The possible growth process of alloy nanotubes is illustrated in Figure 2. Figure 2A is the cross-section of the AAO template. After spraying the gold as the working electrode, some gold particles are sprayed on the bottom wall of the AAO (Figure 2B). When deposition voltage applied, high charge density would form near the bottom wall of AAO around gold particles. Such a stronger electrochemical activity makes the alloy conducive to growth along the wall of AAO template (Figure 2C). As time goes on, the nanotubes become longer while the thickness increases (Figures 2D,E), and finally turn into nanorods (Figure 2F). Throughout the process, the influence of the electric field and adsorption energy on the growth of alloy exists which cause different growth priorities and results in the product morphology variation from nanotubes to nanorods (Li et al., 2009). At the initial stage of growth, the alloy grows along the wall of the AAO template, which may be because of the increased metal ion concentration around the wall of AAO template induced by surface absorption and the existence of conductive particles in tubes. Considering the narrow channel between electrolyte and cathode surface, the metal ion concentration around the AAO has a dominating effect in the initial electrodeposition process. These reasons make the growth of nanotubes more favorable in the early stage of deposition. But with the extension of time, the wall of nanotubes gets thicker gradually. The adsorption effect becomes weaker and the electric field effect is more prominent. The nanoparticles begin to stack inside the tubes until the product are completely filled. Besides, the increase of voltage is helpful to deposit. But the growth rate is too fast to control when the voltage is too high.

FIGURE 2

Figure 2. Schematic diagram of the growth of alloy nanotubes. (A) section of AAO template, (B) section after spraying gold, (C–F) deposition process in template.
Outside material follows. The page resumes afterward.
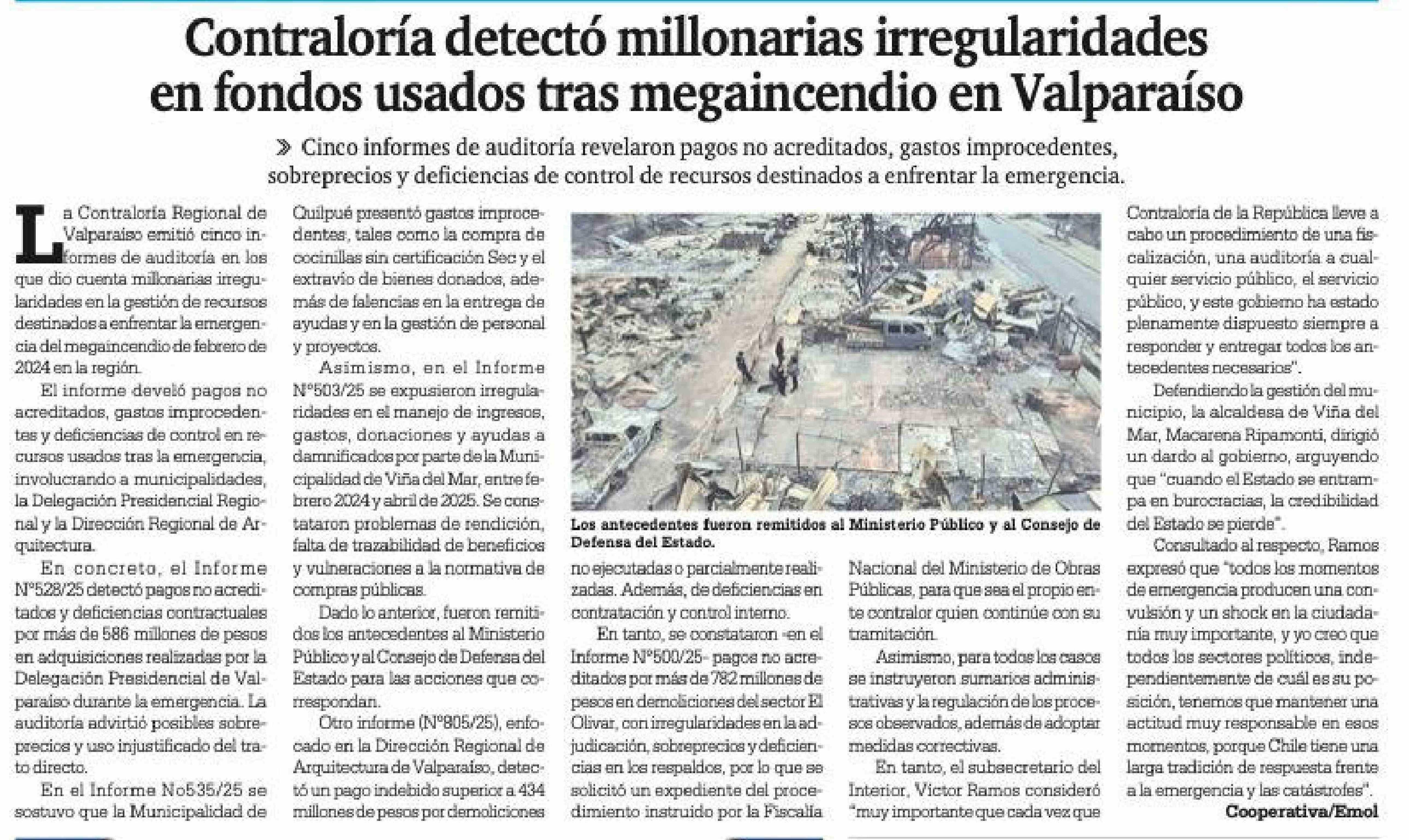 Contraloría detectó millonarias irregularidades en fondos usados tras megaincendio en Valparaíso

Thus, it is clear that the voltage and time play a critical role during the formation of nanotubes. We choose the deposition voltage of −1.0 V and deposition time for 1 h to do more detailed study after taking into account all the above-mentioned experimental condition. The morphology and composition of the nanotubes are shown in Figure 3. The high magnification of SEM observation (Figure 3A) reveals that well-aligned CoNiCu nanotubes are formed on the substrate face. The diameter of nanotubes is about 280 nm, indicating that the nanotubes grow along the wall. The average length of the nanotubes is about 2 μm from the cross-section image (Figure 3B). The result of EDS shown in Figure 3C confirms that the nanotubes are composed of 64.7 wt% Co-19.4 wt% Ni-15.9 wt% Cu. The Al, O, and Au peaks originate from the AAO temple. The crystal phase of CoNiCu nanotubes was further confirmed by XRD. The XRD patterns (Figure 3D) indicate that the nanotubes are of high crystallinity. The background interfering peaks are due to residual alumina, ITO, and Au. Furthermore, no peaks assigned to the pure metals are observed which reveals a ternary alloy was formed.

FIGURE 3

Figure 3. CoNiCu nanotubes arrays with applied potential −1.0 V (A) dissolving the AAO template; (B) cross-section image embedded in AAO channels; (C) energy dispersive spectra of CoNiCu embedded in AAO channels; (D) XRD patterns of prepared nanotubes arrays transferred on ITO.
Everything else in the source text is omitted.